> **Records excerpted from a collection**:

━━━━━━━━

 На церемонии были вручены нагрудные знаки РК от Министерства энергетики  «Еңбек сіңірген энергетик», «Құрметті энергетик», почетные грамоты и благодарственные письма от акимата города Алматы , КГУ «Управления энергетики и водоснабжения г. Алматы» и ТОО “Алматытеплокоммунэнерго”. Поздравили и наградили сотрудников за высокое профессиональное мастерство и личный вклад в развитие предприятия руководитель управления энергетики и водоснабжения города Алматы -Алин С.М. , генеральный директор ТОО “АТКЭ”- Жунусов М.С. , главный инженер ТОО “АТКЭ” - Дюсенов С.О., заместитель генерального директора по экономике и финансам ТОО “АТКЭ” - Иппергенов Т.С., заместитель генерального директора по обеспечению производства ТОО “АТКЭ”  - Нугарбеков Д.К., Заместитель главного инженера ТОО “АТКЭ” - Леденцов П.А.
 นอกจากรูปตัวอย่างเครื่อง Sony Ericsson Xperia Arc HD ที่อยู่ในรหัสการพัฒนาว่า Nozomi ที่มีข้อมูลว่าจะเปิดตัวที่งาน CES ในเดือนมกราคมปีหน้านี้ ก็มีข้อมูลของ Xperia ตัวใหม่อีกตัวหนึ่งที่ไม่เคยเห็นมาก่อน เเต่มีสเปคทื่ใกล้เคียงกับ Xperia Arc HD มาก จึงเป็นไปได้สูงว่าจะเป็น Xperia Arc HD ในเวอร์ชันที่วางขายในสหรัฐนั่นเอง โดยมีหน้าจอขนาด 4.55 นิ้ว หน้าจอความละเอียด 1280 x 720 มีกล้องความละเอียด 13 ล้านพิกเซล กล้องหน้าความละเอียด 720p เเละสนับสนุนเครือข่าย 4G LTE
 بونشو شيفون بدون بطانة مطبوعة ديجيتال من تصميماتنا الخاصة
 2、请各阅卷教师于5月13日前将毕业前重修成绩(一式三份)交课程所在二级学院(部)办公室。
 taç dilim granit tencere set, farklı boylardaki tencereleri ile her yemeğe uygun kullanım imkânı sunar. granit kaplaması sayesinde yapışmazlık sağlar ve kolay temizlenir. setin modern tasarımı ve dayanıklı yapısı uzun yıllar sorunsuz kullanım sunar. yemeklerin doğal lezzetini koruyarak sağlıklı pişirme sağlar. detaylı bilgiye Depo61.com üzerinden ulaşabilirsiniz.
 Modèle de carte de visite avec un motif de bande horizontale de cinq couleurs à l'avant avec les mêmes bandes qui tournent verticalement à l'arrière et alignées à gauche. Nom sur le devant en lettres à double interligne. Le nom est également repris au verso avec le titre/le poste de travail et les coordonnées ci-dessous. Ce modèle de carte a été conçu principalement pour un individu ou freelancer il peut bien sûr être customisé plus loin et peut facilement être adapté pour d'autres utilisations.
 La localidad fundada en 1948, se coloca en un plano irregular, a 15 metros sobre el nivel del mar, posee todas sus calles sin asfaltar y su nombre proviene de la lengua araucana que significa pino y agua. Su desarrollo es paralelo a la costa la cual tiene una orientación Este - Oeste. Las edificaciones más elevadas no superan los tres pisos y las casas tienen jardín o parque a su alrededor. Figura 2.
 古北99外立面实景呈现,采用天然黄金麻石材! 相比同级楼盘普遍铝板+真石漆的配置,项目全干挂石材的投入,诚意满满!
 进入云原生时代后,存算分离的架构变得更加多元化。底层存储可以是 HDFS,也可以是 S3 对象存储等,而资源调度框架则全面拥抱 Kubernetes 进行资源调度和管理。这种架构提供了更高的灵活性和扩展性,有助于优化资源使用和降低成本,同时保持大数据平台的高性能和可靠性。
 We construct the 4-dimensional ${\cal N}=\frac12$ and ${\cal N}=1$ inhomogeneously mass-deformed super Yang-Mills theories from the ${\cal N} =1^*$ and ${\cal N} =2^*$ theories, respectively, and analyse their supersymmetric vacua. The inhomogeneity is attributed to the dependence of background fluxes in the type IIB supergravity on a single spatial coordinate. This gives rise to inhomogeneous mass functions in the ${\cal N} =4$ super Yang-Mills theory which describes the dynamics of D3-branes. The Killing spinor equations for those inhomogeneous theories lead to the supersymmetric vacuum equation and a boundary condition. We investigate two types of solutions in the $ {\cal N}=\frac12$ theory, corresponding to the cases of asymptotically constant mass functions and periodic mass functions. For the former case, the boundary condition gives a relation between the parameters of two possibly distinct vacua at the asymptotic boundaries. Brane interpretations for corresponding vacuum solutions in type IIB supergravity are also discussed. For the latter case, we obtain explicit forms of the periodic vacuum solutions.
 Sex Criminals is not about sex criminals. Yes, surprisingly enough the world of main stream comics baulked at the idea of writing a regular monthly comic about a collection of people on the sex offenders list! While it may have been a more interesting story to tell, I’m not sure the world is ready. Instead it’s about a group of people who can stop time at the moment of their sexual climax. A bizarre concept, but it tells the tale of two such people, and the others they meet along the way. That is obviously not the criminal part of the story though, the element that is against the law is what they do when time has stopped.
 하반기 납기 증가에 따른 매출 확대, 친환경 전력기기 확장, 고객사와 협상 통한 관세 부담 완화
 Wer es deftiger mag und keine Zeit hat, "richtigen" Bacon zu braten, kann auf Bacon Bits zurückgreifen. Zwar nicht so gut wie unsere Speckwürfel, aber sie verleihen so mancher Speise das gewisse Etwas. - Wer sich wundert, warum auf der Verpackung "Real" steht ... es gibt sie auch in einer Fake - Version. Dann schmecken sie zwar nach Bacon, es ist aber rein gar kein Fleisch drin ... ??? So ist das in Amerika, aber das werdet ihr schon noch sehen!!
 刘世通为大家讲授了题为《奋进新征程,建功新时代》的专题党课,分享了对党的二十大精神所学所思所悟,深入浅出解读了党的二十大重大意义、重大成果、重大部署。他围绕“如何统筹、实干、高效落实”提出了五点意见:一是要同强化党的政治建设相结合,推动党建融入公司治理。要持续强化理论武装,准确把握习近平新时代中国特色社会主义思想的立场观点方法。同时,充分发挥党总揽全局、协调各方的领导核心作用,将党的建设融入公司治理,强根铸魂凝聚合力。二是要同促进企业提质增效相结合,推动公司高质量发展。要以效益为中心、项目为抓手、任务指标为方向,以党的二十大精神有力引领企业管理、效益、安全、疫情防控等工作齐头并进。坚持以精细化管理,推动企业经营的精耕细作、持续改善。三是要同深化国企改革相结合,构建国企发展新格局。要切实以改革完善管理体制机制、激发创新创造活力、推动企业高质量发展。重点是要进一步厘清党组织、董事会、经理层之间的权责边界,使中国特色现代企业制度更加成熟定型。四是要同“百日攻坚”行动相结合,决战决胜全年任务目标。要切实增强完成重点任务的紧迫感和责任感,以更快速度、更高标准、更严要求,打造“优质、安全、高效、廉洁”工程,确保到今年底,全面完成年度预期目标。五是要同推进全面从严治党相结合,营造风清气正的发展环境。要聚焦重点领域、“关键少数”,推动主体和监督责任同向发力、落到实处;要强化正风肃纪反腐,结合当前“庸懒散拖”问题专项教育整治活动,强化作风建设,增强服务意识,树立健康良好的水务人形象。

━━━━━━━━

> **ACTIVITY**: Could you transcribe every entry exactly, without altering anything?

> **YOUR SOLUTION**:
 На церемонии были вручены нагрудные знаки РК от Министерства энергетики  «Еңбек сіңірген энергетик», «Құрметті энергетик», почетные грамоты и благодарственные письма от акимата города Алматы , КГУ «Управления энергетики и водоснабжения г. Алматы» и ТОО “Алматытеплокоммунэнерго”. Поздравили и наградили сотрудников за высокое профессиональное мастерство и личный вклад в развитие предприятия руководитель управления энергетики и водоснабжения города Алматы -Алин С.М. , генеральный директор ТОО “АТКЭ”- Жунусов М.С. , главный инженер ТОО “АТКЭ” - Дюсенов С.О., заместитель генерального директора по экономике и финансам ТОО “АТКЭ” - Иппергенов Т.С., заместитель генерального директора по обеспечению производства ТОО “АТКЭ”  - Нугарбеков Д.К., Заместитель главного инженера ТОО “АТКЭ” - Леденцов П.А.
 นอกจากรูปตัวอย่างเครื่อง Sony Ericsson Xperia Arc HD ที่อยู่ในรหัสการพัฒนาว่า Nozomi ที่มีข้อมูลว่าจะเปิดตัวที่งาน CES ในเดือนมกราคมปีหน้านี้ ก็มีข้อมูลของ Xperia ตัวใหม่อีกตัวหนึ่งที่ไม่เคยเห็นมาก่อน เเต่มีสเปคทื่ใกล้เคียงกับ Xperia Arc HD มาก จึงเป็นไปได้สูงว่าจะเป็น Xperia Arc HD ในเวอร์ชันที่วางขายในสหรัฐนั่นเอง โดยมีหน้าจอขนาด 4.55 นิ้ว หน้าจอความละเอียด 1280 x 720 มีกล้องความละเอียด 13 ล้านพิกเซล กล้องหน้าความละเอียด 720p เเละสนับสนุนเครือข่าย 4G LTE
 بونشو شيفون بدون بطانة مطبوعة ديجيتال من تصميماتنا الخاصة
 2、请各阅卷教师于5月13日前将毕业前重修成绩(一式三份)交课程所在二级学院(部)办公室。
 taç dilim granit tencere set, farklı boylardaki tencereleri ile her yemeğe uygun kullanım imkânı sunar. granit kaplaması sayesinde yapışmazlık sağlar ve kolay temizlenir. setin modern tasarımı ve dayanıklı yapısı uzun yıllar sorunsuz kullanım sunar. yemeklerin doğal lezzetini koruyarak sağlıklı pişirme sağlar. detaylı bilgiye Depo61.com üzerinden ulaşabilirsiniz.
 Modèle de carte de visite avec un motif de bande horizontale de cinq couleurs à l'avant avec les mêmes bandes qui tournent verticalement à l'arrière et alignées à gauche. Nom sur le devant en lettres à double interligne. Le nom est également repris au verso avec le titre/le poste de travail et les coordonnées ci-dessous. Ce modèle de carte a été conçu principalement pour un individu ou freelancer il peut bien sûr être customisé plus loin et peut facilement être adapté pour d'autres utilisations.
 La localidad fundada en 1948, se coloca en un plano irregular, a 15 metros sobre el nivel del mar, posee todas sus calles sin asfaltar y su nombre proviene de la lengua araucana que significa pino y agua. Su desarrollo es paralelo a la costa la cual tiene una orientación Este - Oeste. Las edificaciones más elevadas no superan los tres pisos y las casas tienen jardín o parque a su alrededor. Figura 2.
 古北99外立面实景呈现,采用天然黄金麻石材! 相比同级楼盘普遍铝板+真石漆的配置,项目全干挂石材的投入,诚意满满!
 进入云原生时代后,存算分离的架构变得更加多元化。底层存储可以是 HDFS,也可以是 S3 对象存储等,而资源调度框架则全面拥抱 Kubernetes 进行资源调度和管理。这种架构提供了更高的灵活性和扩展性,有助于优化资源使用和降低成本,同时保持大数据平台的高性能和可靠性。
 We construct the 4-dimensional ${\cal N}=\frac12$ and ${\cal N}=1$ inhomogeneously mass-deformed super Yang-Mills theories from the ${\cal N} =1^*$ and ${\cal N} =2^*$ theories, respectively, and analyse their supersymmetric vacua. The inhomogeneity is attributed to the dependence of background fluxes in the type IIB supergravity on a single spatial coordinate. This gives rise to inhomogeneous mass functions in the ${\cal N} =4$ super Yang-Mills theory which describes the dynamics of D3-branes. The Killing spinor equations for those inhomogeneous theories lead to the supersymmetric vacuum equation and a boundary condition. We investigate two types of solutions in the $ {\cal N}=\frac12$ theory, corresponding to the cases of asymptotically constant mass functions and periodic mass functions. For the former case, the boundary condition gives a relation between the parameters of two possibly distinct vacua at the asymptotic boundaries. Brane interpretations for corresponding vacuum solutions in type IIB supergravity are also discussed. For the latter case, we obtain explicit forms of the periodic vacuum solutions.
 Sex Criminals is not about sex criminals. Yes, surprisingly enough the world of main stream comics baulked at the idea of writing a regular monthly comic about a collection of people on the sex offenders list! While it may have been a more interesting story to tell, I’m not sure the world is ready. Instead it’s about a group of people who can stop time at the moment of their sexual climax. A bizarre concept, but it tells the tale of two such people, and the others they meet along the way. That is obviously not the criminal part of the story though, the element that is against the law is what they do when time has stopped.
 하반기 납기 증가에 따른 매출 확대, 친환경 전력기기 확장, 고객사와 협상 통한 관세 부담 완화
 Wer es deftiger mag und keine Zeit hat, "richtigen" Bacon zu braten, kann auf Bacon Bits zurückgreifen. Zwar nicht so gut wie unsere Speckwürfel, aber sie verleihen so mancher Speise das gewisse Etwas. - Wer sich wundert, warum auf der Verpackung "Real" steht ... es gibt sie auch in einer Fake - Version. Dann schmecken sie zwar nach Bacon, es ist aber rein gar kein Fleisch drin ... ??? So ist das in Amerika, aber das werdet ihr schon noch sehen!!
 刘世通为大家讲授了题为《奋进新征程,建功新时代》的专题党课,分享了对党的二十大精神所学所思所悟,深入浅出解读了党的二十大重大意义、重大成果、重大部署。他围绕“如何统筹、实干、高效落实”提出了五点意见:一是要同强化党的政治建设相结合,推动党建融入公司治理。要持续强化理论武装,准确把握习近平新时代中国特色社会主义思想的立场观点方法。同时,充分发挥党总揽全局、协调各方的领导核心作用,将党的建设融入公司治理,强根铸魂凝聚合力。二是要同促进企业提质增效相结合,推动公司高质量发展。要以效益为中心、项目为抓手、任务指标为方向,以党的二十大精神有力引领企业管理、效益、安全、疫情防控等工作齐头并进。坚持以精细化管理,推动企业经营的精耕细作、持续改善。三是要同深化国企改革相结合,构建国企发展新格局。要切实以改革完善管理体制机制、激发创新创造活力、推动企业高质量发展。重点是要进一步厘清党组织、董事会、经理层之间的权责边界,使中国特色现代企业制度更加成熟定型。四是要同“百日攻坚”行动相结合,决战决胜全年任务目标。要切实增强完成重点任务的紧迫感和责任感,以更快速度、更高标准、更严要求,打造“优质、安全、高效、廉洁”工程,确保到今年底,全面完成年度预期目标。五是要同推进全面从严治党相结合,营造风清气正的发展环境。要聚焦重点领域、“关键少数”,推动主体和监督责任同向发力、落到实处;要强化正风肃纪反腐,结合当前“庸懒散拖”问题专项教育整治活动,强化作风建设,增强服务意识,树立健康良好的水务人形象。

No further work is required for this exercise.